_WHAT TO PRODUCE_.
Please print exactly the lines below, from the start of the material up to and including the line with "Casa de alvenaria, forro", but none of the pictures.
Segment Open
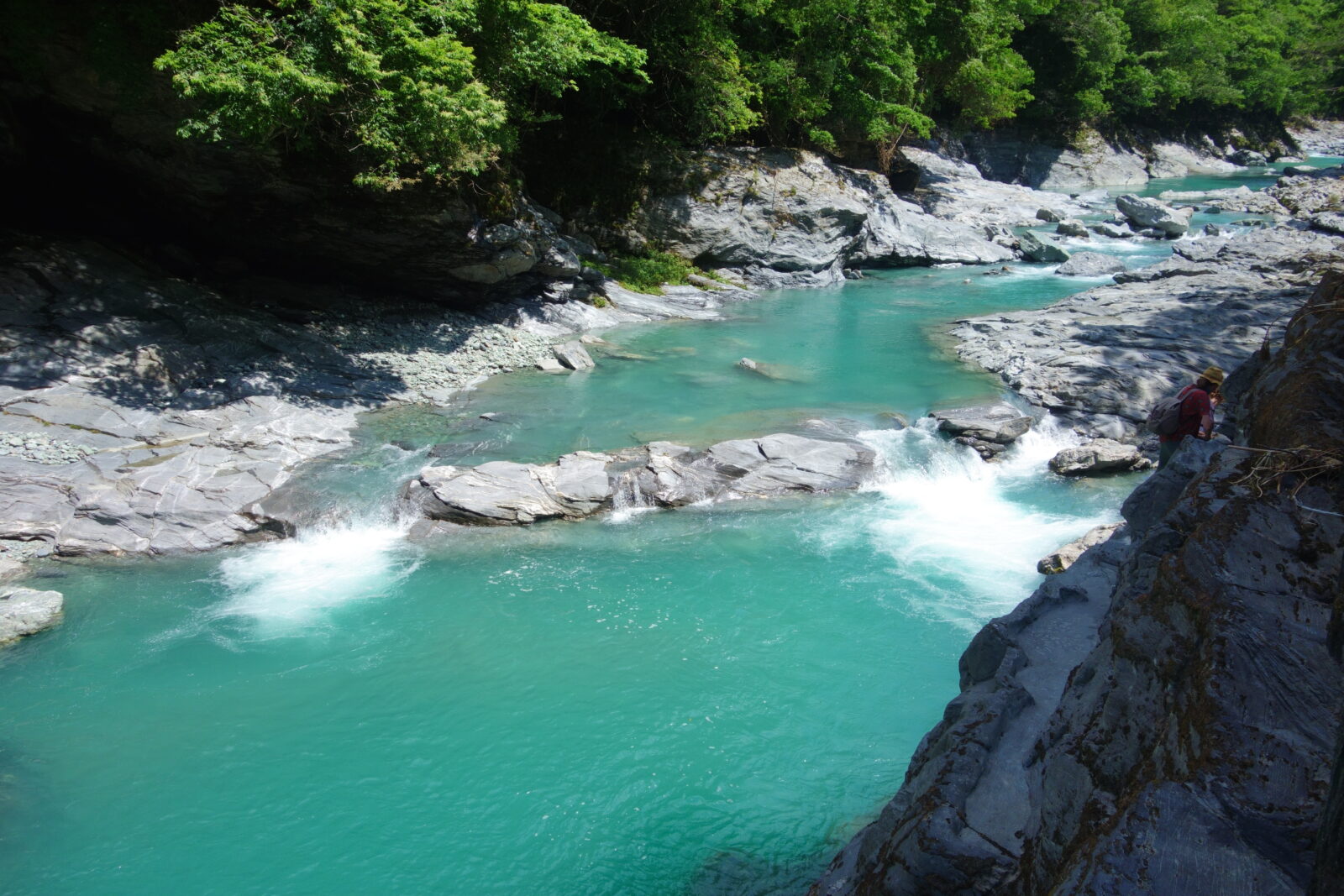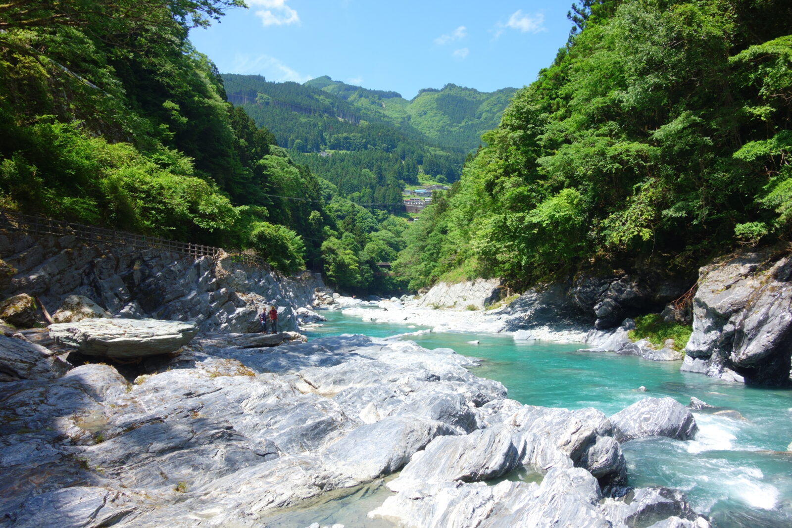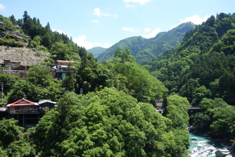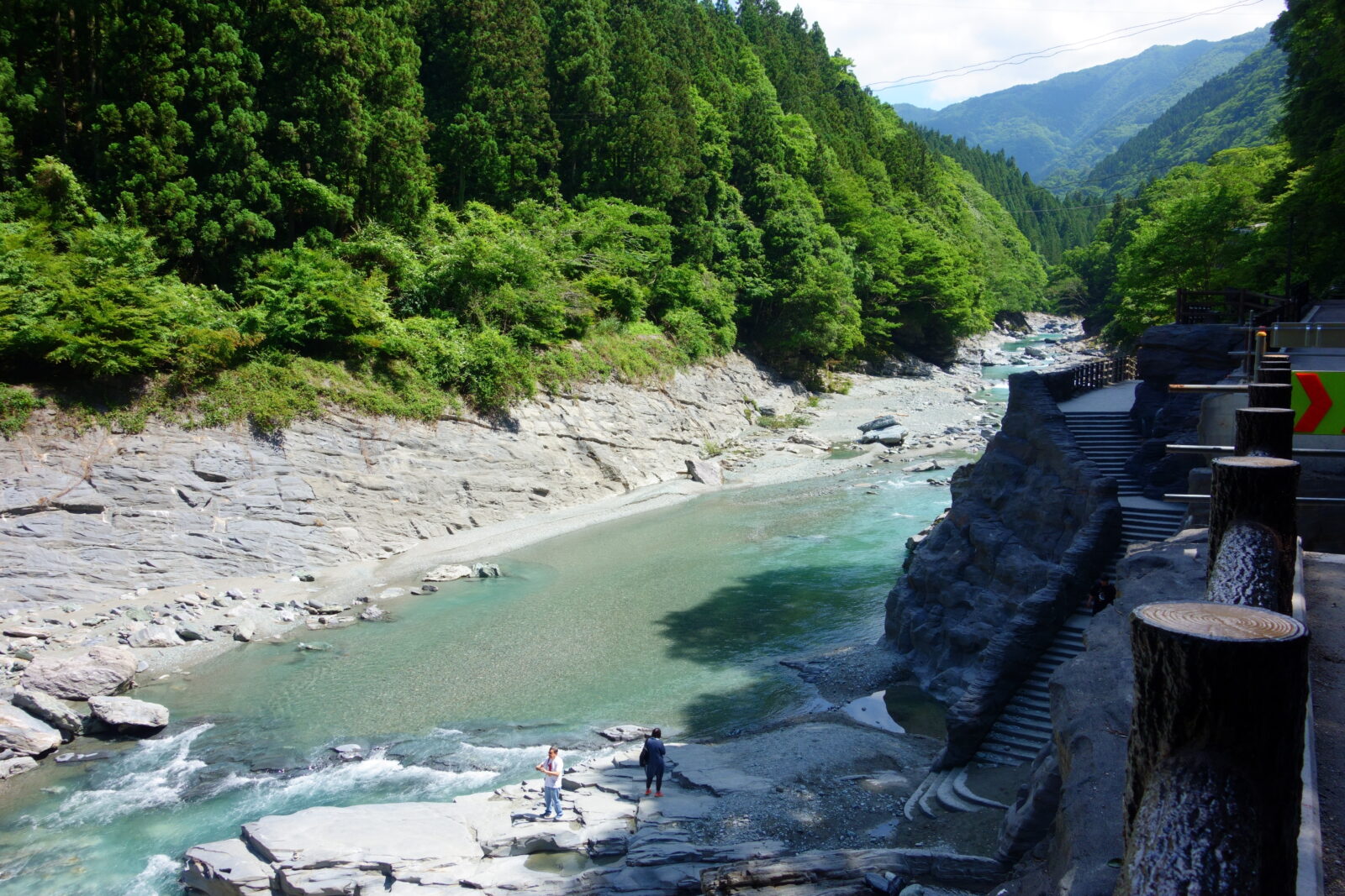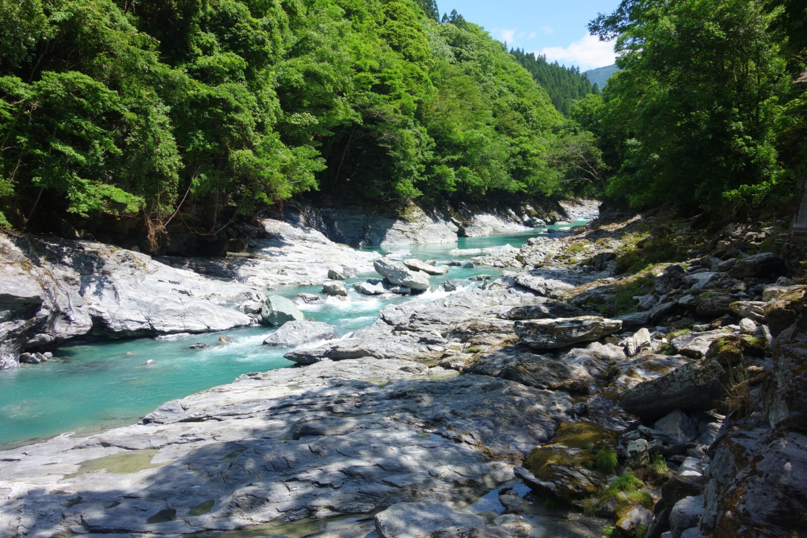 現在はかずら橋から数分の距離にいます、これから真横を流れている祖谷川の景色を紹介していきます。目を疑いたくなるような澄んだ透明の川ですよ
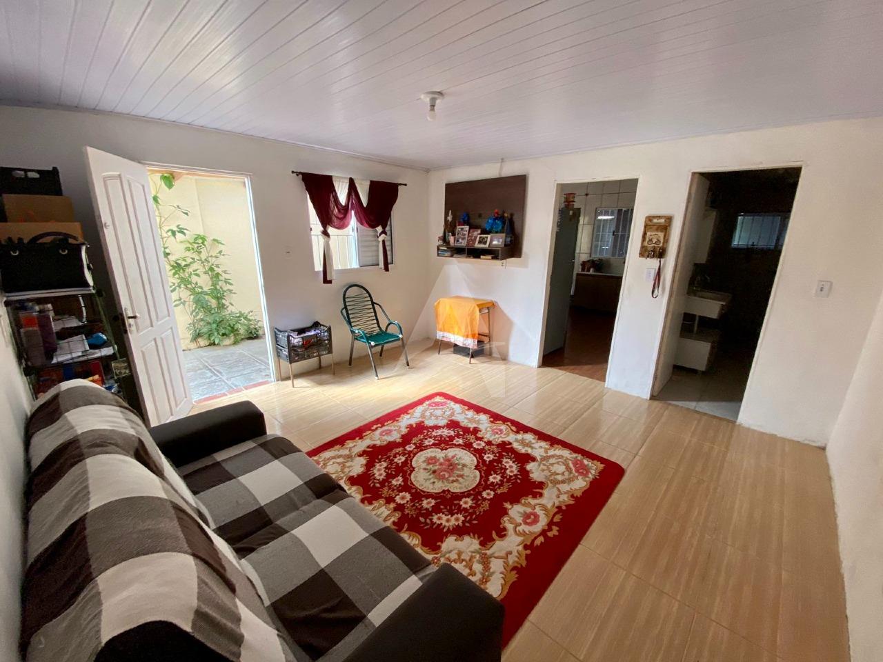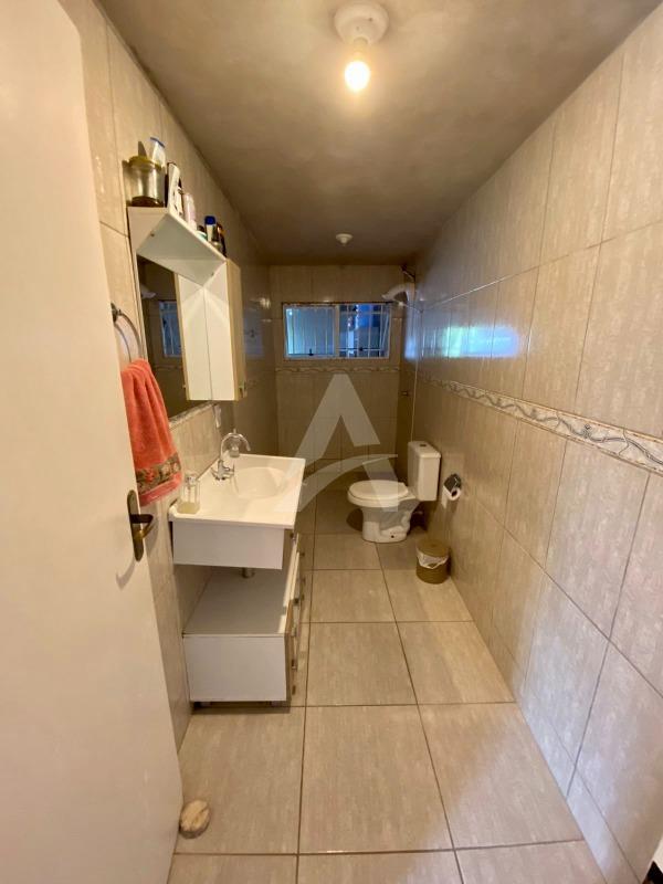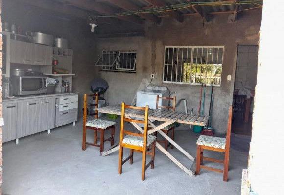 Casa de alvenaria, forro e telha 6mm, com 75,00m², contendo sala de estar, cozinha com churrasqueira, 2 dormitórios e 2 banheiros. Pátio amplo nos fundos. Frente Norte. Terreno medindo 6,80x55,00. Nos fundos tem um novo cômodo em construção (nova cozinha).
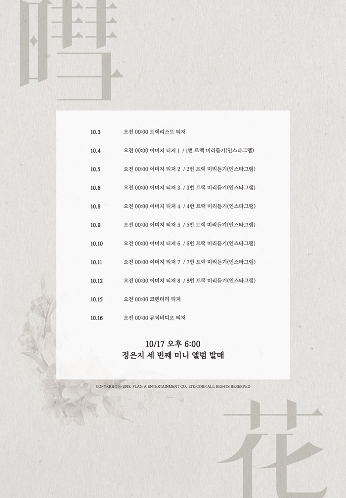 더불어 티저 오픈 일정과 함께 공개된 ‘정은지 세 번째 이야기, [혜화(暳花)] ; 별 반짝이는 꽃, Promotion Schedule, 2018.10.17 18:00’라는 문구가 혜화의 의미와 음반 발매 시점을 드러내 이목을 집중시켰다.
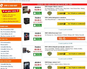 on y trouve ainsi le coffret de l’integrale de la serie le cameleon à 39.99 , le coffret iron man 1 et 2 à 14.55 , le coffrets de dvd du dessin animé Bali à 7.9 euros , dvd pokemon saison 1 et 2 à 9.99 , le coffret sac 4 dvd barbie à 14.99 …. et bien d’autres
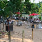 Good vibes music emanates from the large outdoor pavilion bar and restaurant. On the riverside, boats ease into docks and their swimming-suit and shorts-clad occupants stroll to where all the action is.
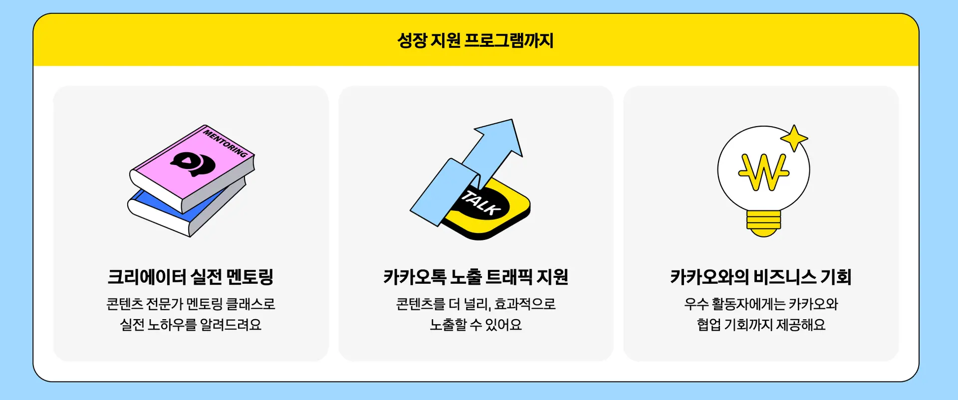 우수 크리에이터에게는 카카오와의 비즈니스 협업 기회도 주어집니다.
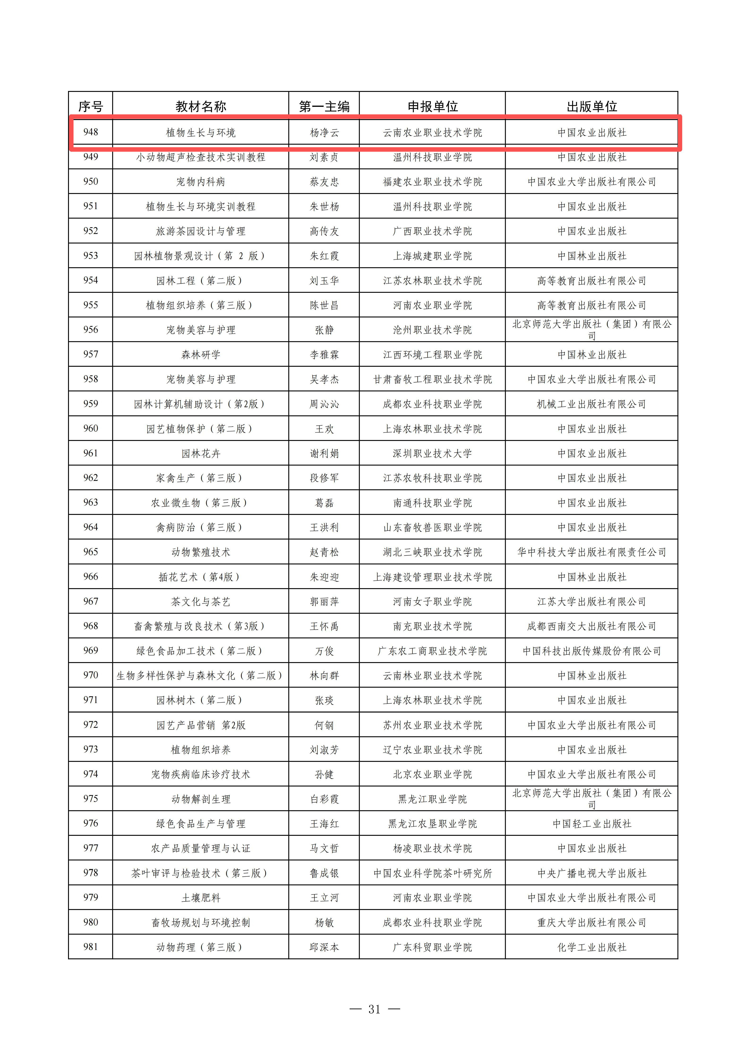 beats365杨净云教授主编的《植物生长与环境(第三版)》(中国农业出版社)教材入选第二批“十四五”职业教育国家规划教材,实现学校专业核心课程职业教育国家级规划教材历史性突破。
Segment Closed
_SOLVED EXERCISE_.
 現在はかずら橋から数分の距離にいます、これから真横を流れている祖谷川の景色を紹介していきます。目を疑いたくなるような澄んだ透明の川ですよ
 Casa de alvenaria, forro e telha 6mm, com 75,00m², contendo sala de estar, cozinha com churrasqueira, 2 dormitórios e 2 banheiros. Pátio amplo nos fundos. Frente Norte. Terreno medindo 6,80x55,00. Nos fundos tem um novo cômodo em construção (nova cozinha).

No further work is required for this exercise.